Gösteride silahlı, bazıları maskeli birkaç HTŞ militanı da dolaştı.
Kalabalığa seslenen bir kişi, “Büyük Suriye devrimi silahlı güçle zafer kazandı” derken, göstericiler “Kahrolsun askeri yönetim” sloganlarıyla onun sözünü kesti.
Kefiye takan ve koyu renk gözlük takan genç bir adamın elinde “Özgür kadınlar olmadan özgür bir millet olmaz” yazılı el yazısı bir pankart vardı. Bir diğer göstericinin pankartında ise “Kadın-erkek eşitliği meşru bir İslami ve uluslararası haktır” yazıyordu.
Kalabalığın arasında arkadaşlarıyla birlikte duran oyuncu Raghda Khateb, “Suriyeli kadınlar sokaklarda, protestocuları korumada, yaralılara bakım vermede, cezaevlerinde ve gözaltı merkezlerinde sürekli bir ortak oldu” dedi.
Gösterinin, ülkede katı muhafazakar bir yönetim kurma girişimlerini engellemek için yapılan “önleyici” bir eylemin parçası olduğunu söyledi.
“Katil rejime karşı sokağa çıkan halk, yeniden ortaya çıkıp yönetmeye hazır” diye ekledi.
‘Liderlik etmeli’
Kadınların siyasi hayata katılım hakkı talebi, yeni siyasi yönetimin sözcüsü Obaida Arnaut’un “kadınların bakanlıklarda veya parlamentoda temsil edilmesinin… erken olduğunu” söylemesinden ve “biyolojik” ve diğer hususları öne sürmesinden birkaç gün sonra geldi.
Bu sözler, emekli memur olan 50 yaşındaki protestocu Majida Mudarres de dahil olmak üzere bazı Suriyeliler arasında eleştiri ve öfkeye yol açtı.
“Kadınların siyasi hayatta büyük bir rolü var… Kadınlara karşı herhangi bir pozisyonu gözlemleyeceğiz ve kabul etmeyeceğiz. Sessiz kaldığımız dönem sona erdi,” dedi AFP’ye.
Esad’ın ailesi muhalefeti ezerek Suriye’yi onlarca yıl demir yumrukla yönetti.
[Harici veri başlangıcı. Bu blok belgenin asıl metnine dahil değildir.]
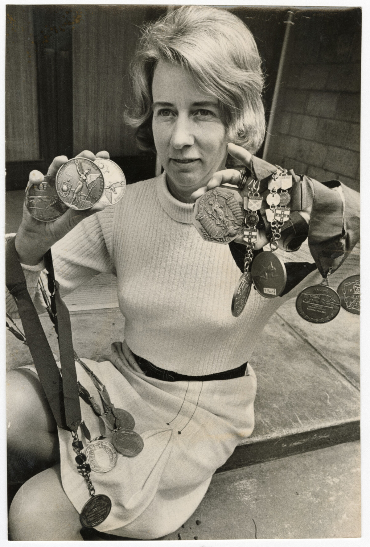 Mrs Joan Woodward holding a selection of Commonwealth Games medals which have been won through the years by Canterbury athletes. The medals formed part of an exhibition of items from past Games at the Canterbury Museum, organised by Mrs Woodward.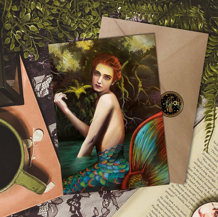 This lovely 5x7 card (blank inside), is created from my original painting of a loch mermaid called "Aberdeen." She is an elegant siren with shimmering scales and secrets to keep. I have added touches of glitter throughout the front of the card. The card is printed on thick cardstock and is cello wrapped, along with a kraft envelope and gold foil seal...for an added touch.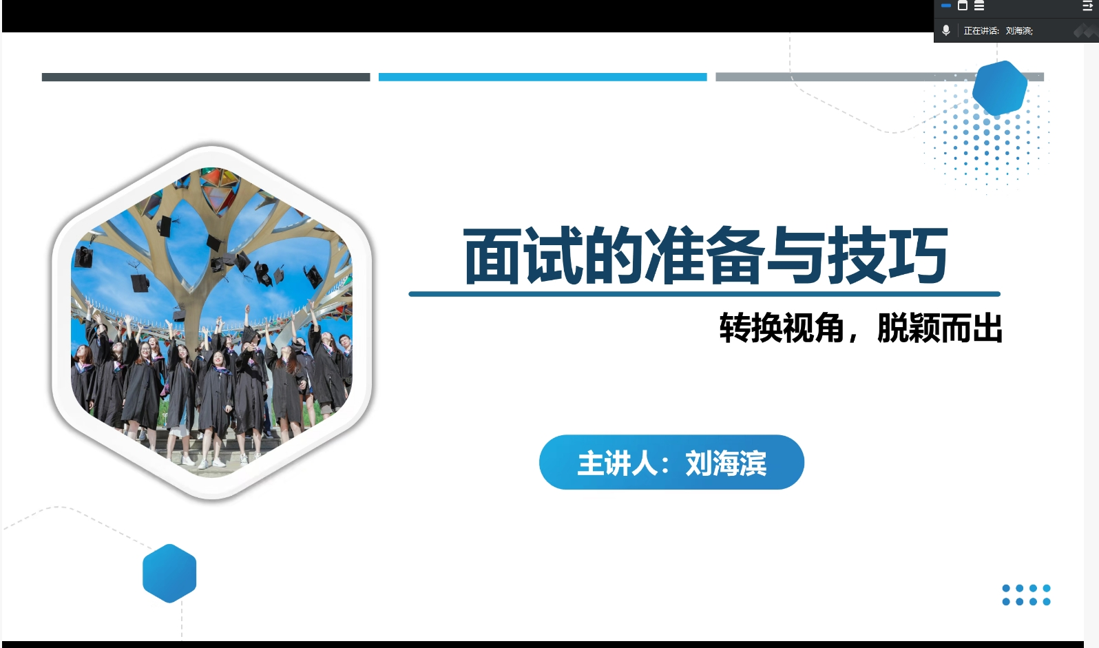 为提升毕业生求职竞争力,beat365英国官方网站于3月25日晚7点特邀东北师范大学就业创业教育研究院执行院长、高校毕业生就业协会生涯发展教育工作委员会学术委员会副主任刘海滨教授,通过腾讯会议平台开展"面试准备与技巧"专题指导讲座,为即将步入职场的2025届毕业生送上实用求职锦囊。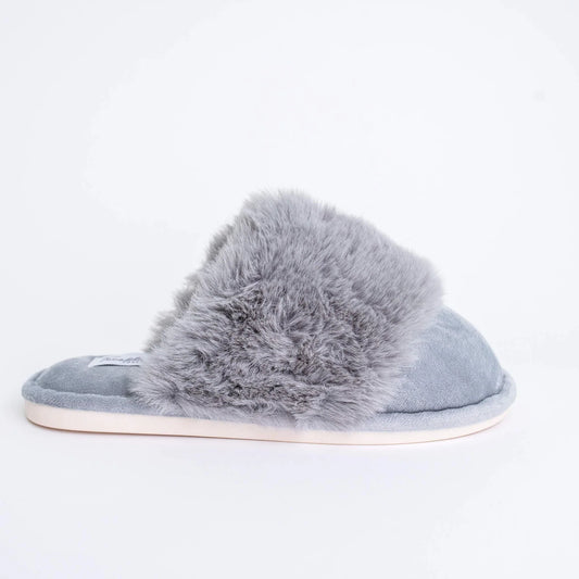 Sold outGREY FURRY MULE SLIPPERS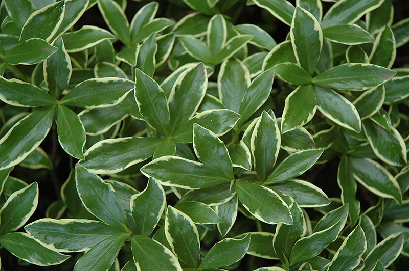 A cherished garden plant with glossy dark green leaves with white margins, and intoxicatingly fragrant white flowers in spring on a mounded shrub; a relatively fussy plant, needing light shade and well-drained soil; never move once established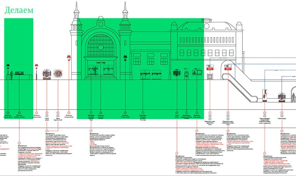 The project is tied to the renovation of passageways, overall there are 96 stations. There isn’t much time, the first mock-ups should be done in a couple of weeks, but first we need to propose changes to the concept.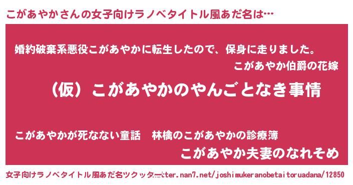 | 胡散臭い通販商品みたいなあだ名 | 『必ず成功する水晶球…その名も「こがあやか」』 |

Televizyon dizileri yazan 29 yaşındaki Fatima Haşim, Suriyeli kadınların “sadece ortak olmamaları, aynı zamanda yeni bir Suriye inşa etme çalışmalarına liderlik etmeleri gerektiğini” söyledi.
Beyaz başörtüsü takan Haşim, kadınların “yeni toplumda önemli bir ses” olması gerektiğini söyledi.
Esad’ın İslam karşıtı yönetimi altında kadınlar Suriye’nin siyasi, sosyal ve ekonomik yaşamında yer aldılar; parlamento ve bakanlıklardaki temsil oranları zaman zaman yüzde 20 ile 30 arasında değişti.
Araştırmacı Widad Kreidi, birkaç hafta öncesine kadar Suriye’nin kuzeybatısındaki muhafazakar muhalif kalesini yöneten HTŞ’nin bazı açıklamalarının kendisini endişelendirdiğini söyledi.
Kreidi, “Erkekler savaşırken, kadınlar ekonomiyi ayakta tutuyor, çocuklarına bakıyor ve ailelerine bakıyorlardı” dedi.
“Hiç kimsenin Şam’a gelip kadınlara herhangi bir şekilde saldırmaya hakkı yoktur” diye ekledi.